7つの習慣 最優先事項(その2)
「超越的ビジョンの力」は、心に染みついている脚本(道筋・動機づけ・先入観など)よりもはるかに強力であり、そのビジョンを達成する過程で、そうした考えを服従させ、覆い隠してしまう。
個人から生まれたビジョンは、やがて個人を超越し「共有のビジョン」となる。そのエネルギーは、人々に、「非常に多くの時間とエネルギーを消費し、生活の質を損なう否定的な作用」を払拭する力を与えてくれる。
強力なミッション・ステートメントの特徴
(1)心の最深かつ最良のものを表している。内面生活としっかり結びついている。
(2)独自の才能を発揮できるようになっている。
(3)自らの利害関係を超えたものになっている。
(4)人間の4つの基本的な(肉体的、社会・情緒的、知的、精神的)ニーズと独特な能力(自覚・良心・自由意志・想像力)のすべてに関わっている。
(5)質の高い生活を生み出す原則に基づいている。目的も手段も「真北の原則」に基づいている。
(6)「ビジョン」と「原則に基づいた価値観」の双方と関わっている。・・・強力なミッション・ステートメントには性格の要素(どんな人になりたいか)と能力の要素(どんなことを成しとげたいか)が必要である。
(7)人生の重要な役割のすべてに関わっている。
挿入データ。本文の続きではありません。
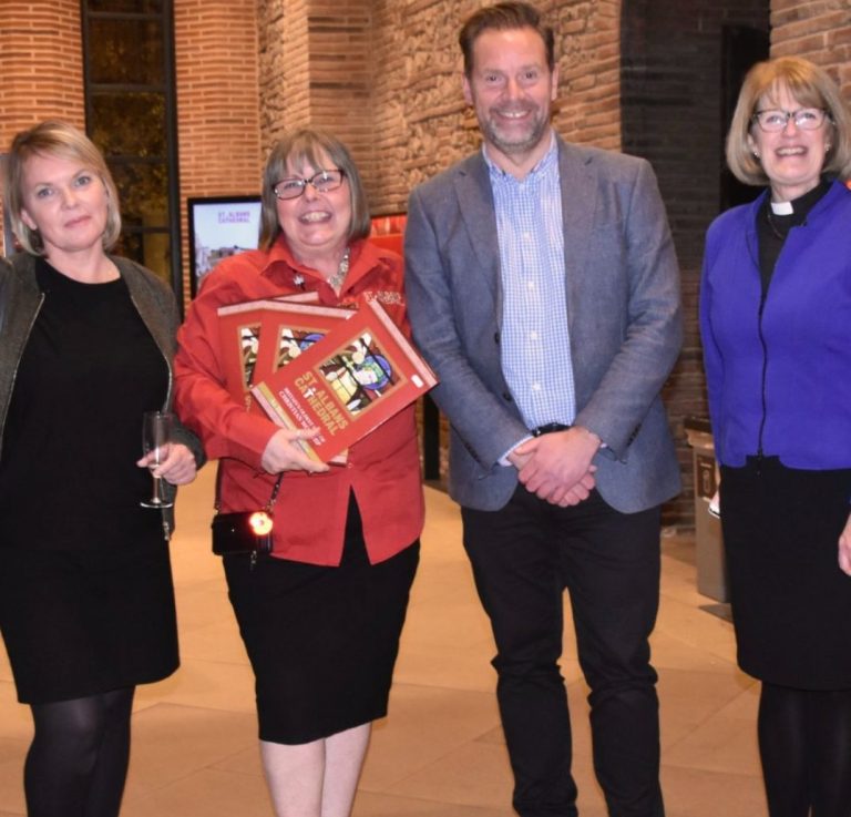 Louise and Andrew of Memory Lane Publishing celebrate with cathedral retail manager, Sharon Wood, and the Dean of St Albans, Jo Kelly-Moore.

「個人」「家族」「仕事」「地域社会」のそれぞれの役割のバランスが取れるようになっている。
(8)他人に印象づけるためではなく、自分を奮い立たせるために書かれている。心の底から鼓舞される内容になっている。
強力なミッション・ステートメントを作り、それに従って生きれば、時間の使い方が劇的に変わる。時間管理について考えるとき、方向性よりもスピードについて心配するのはバカげている。数分の努力を惜しんで、何年という長い年月を無駄にするようなものである。
ビジョンは、人生のすべてを動かす基本的な力である。それは、自分にしかできないことを教えてくれるものである。それは、重要事項を優先する能力(時計よりも羅針盤を優先し、スケジュールや「もの」よりも「人」を優先する能力)を与えてくれる。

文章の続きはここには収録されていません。